▸ **Source data**

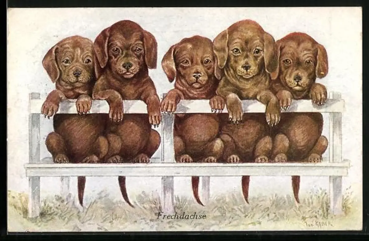 AK Fünf Hundewelpen auf einer Bank, Neujahrsgruss
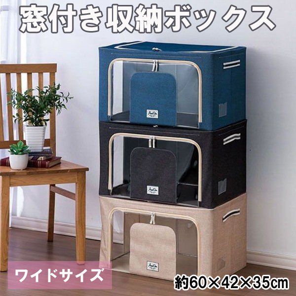 【88L】積み重ねできる窓付収納ボックスワイド【ナチュラル/ベージュ/ネイビー】
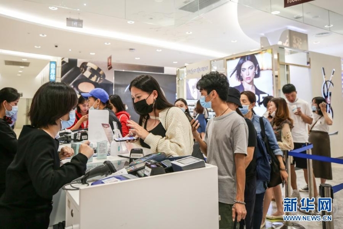 10月27日,消费者在海南省海口市日月广场免税店选购商品。新华社记者 张丽芸摄

▸ **Problem details**
Would you reproduce each line of the material exactly, omitting the images?

▸ **Exercise output**
 AK Fünf Hundewelpen auf einer Bank, Neujahrsgruss
 【88L】積み重ねできる窓付収納ボックスワイド【ナチュラル/ベージュ/ネイビー】
 10月27日,消费者在海南省海口市日月广场免税店选购商品。新华社记者 张丽芸摄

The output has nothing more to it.